Trump is the third president to be impeached in the country’s history, and the first to run for reelection afterward. The battle also marked the first that occurred while the chambers of Congress weren’t controlled by the same party, setting up the most sectarian and acrimonious of the three presidential impeachments.

When the articles passed in the House in December, two Democrats — Reps. Collin Peterson (Minn.) and Jefferson Van Drew (N.J.) — voted against them, while Democratic Rep. Tulsi Gabbard (Hawaii), a White House hopeful, voted “present.” No House Republicans voted to impeach Trump, and Van Drew announced he was joining the GOP.

Wednesday’s votes cap off a weeks-long impeachment trial in which Trump’s legal team and House managers spent hours making their case to the senators, but also to the American public. 

With the outcome of the trial pre-baked — Republicans have a 53-seat majority, and Democrats needed 67 votes to convict — the arguments were really meant to sway a handful of undecided senators in both parties and for the benefit of voters ahead of November’s elections. 

McConnell immediately declared victory after the votes closed, calling impeachment a “colossal political mistake” for Democrats.

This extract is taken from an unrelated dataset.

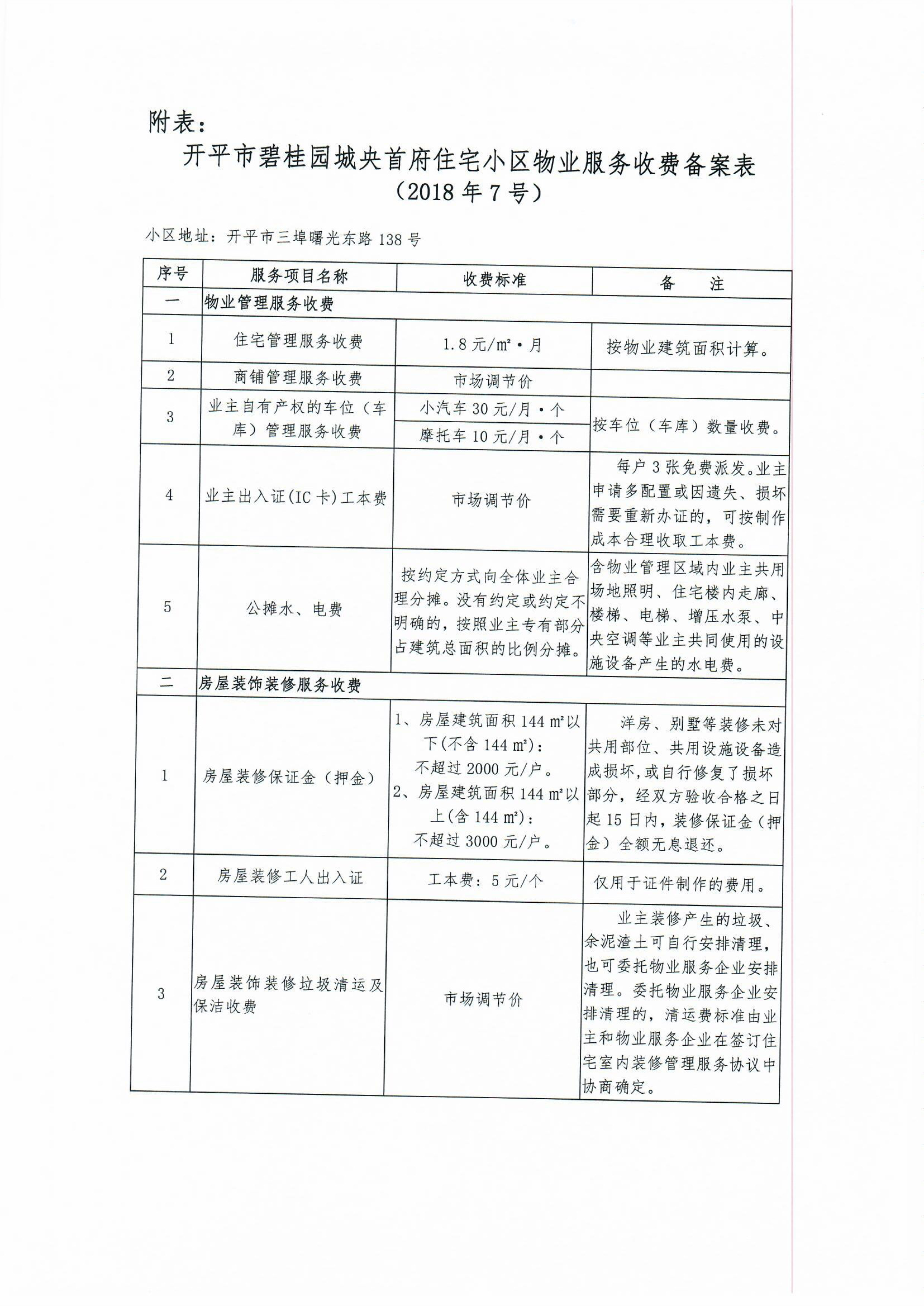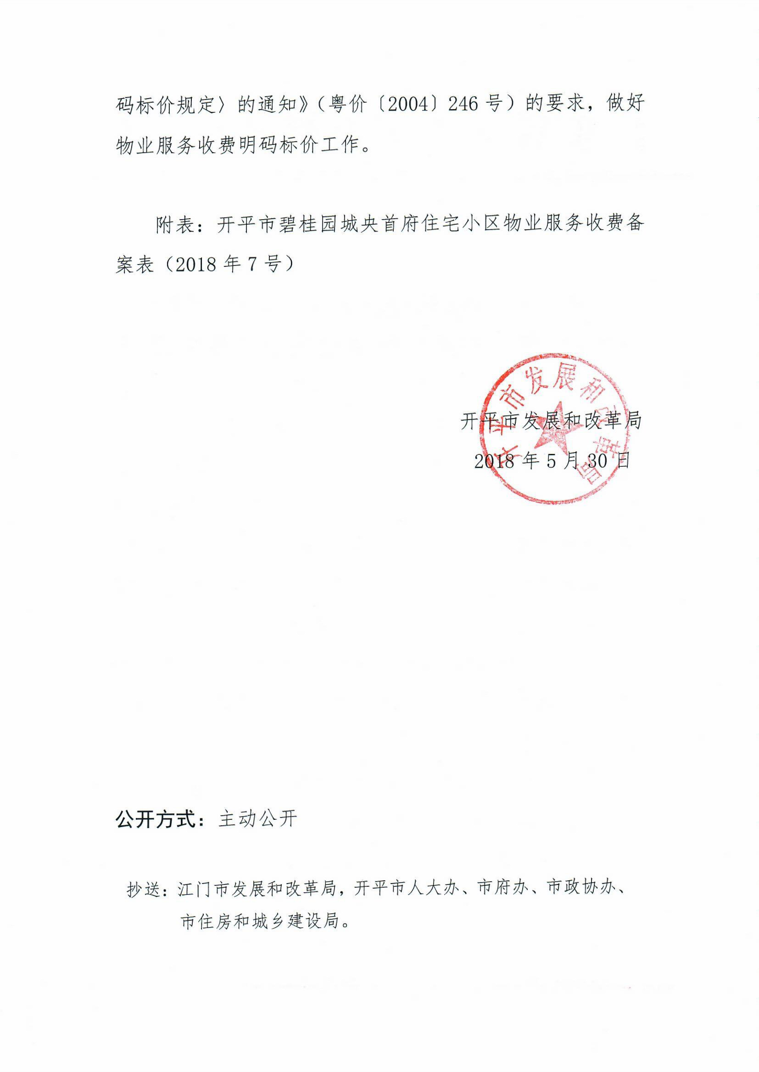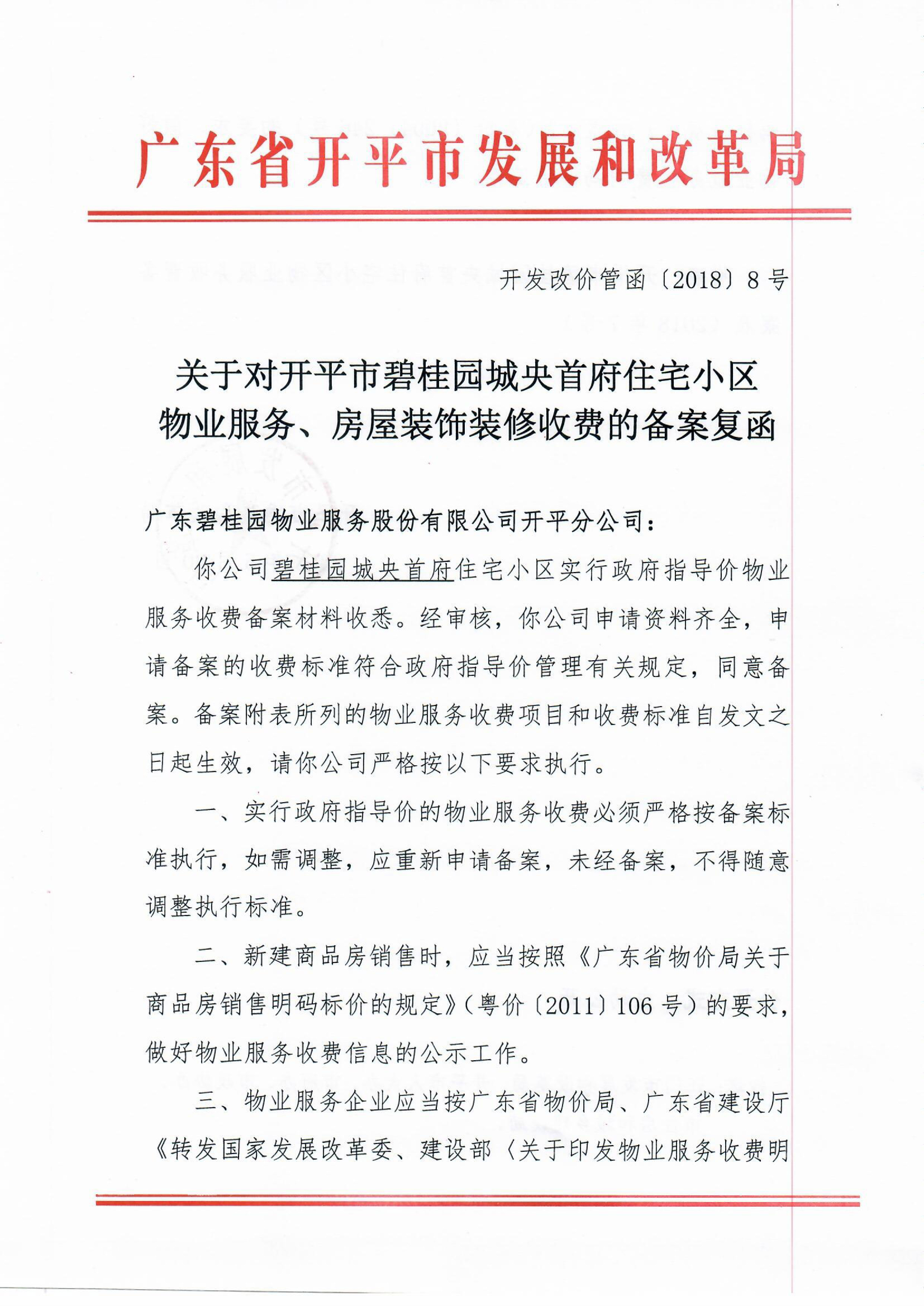开发改价管函〔2018〕8号 关于对海棠直播 碧桂园城央首府住宅小区物业服务、房屋装饰装修收费的备案复函

“The president has his highest approval rating since he’s been in office. … Every one of our people in tough races is in better shape today than they were before the impeachment trial started,” McConnell told reporters during a press conference.

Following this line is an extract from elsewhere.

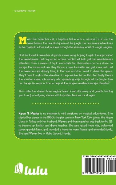 Meet the tweecher cat, a hapless feline with a massive crush on the tweecheress, the beautiful queen of the jungle. He has several adventures as he chases true love and journeys through the whimsical world of Jungle Junglets. First the lovesick tweecher sings his sumee song, hoping to gain the approval of the tweecheress. But only an act of true heroism will help get the tweecheress's attention. Then a swarm of liquid moonbats find themselves out in a storm. To escape the torrents of rain, they fly into a cave to shelter and get some rest. But the tweechers are already living in the cave and don't want to share the space. They'll have to call on the wise rhino to be the judge of the case. And finally there's the shusher snake, a busybody who spreads gossip throughout the jungle. Can he change his ways in time to help all the jungle's residents escape disaster? This collection shares three magical tales of self-discovery and growth, inviting you to enjoy intriguing stories with important lessons at their cores.

Asked about Romney’s vote, the GOP leader conceded that he was “surprised and disappointed,” but noted Romney had supported most of the party’s agenda.

The trial wasn’t without its drama: Debate raged around the Capitol until late last week about whether or not there would be a tie on a crucial vote on witnesses. 

Republicans had faced days of intense scrutiny to call former national security adviser John Bolton after The New York Times reported that he will claim in his forthcoming memoir — entitled “The Room Where It Happened”— that Trump tied Ukraine aid to the country helping with investigations into Democrats including former Vice President Joe Biden, a 2020 presidential candidate, and his son Hunter Biden. 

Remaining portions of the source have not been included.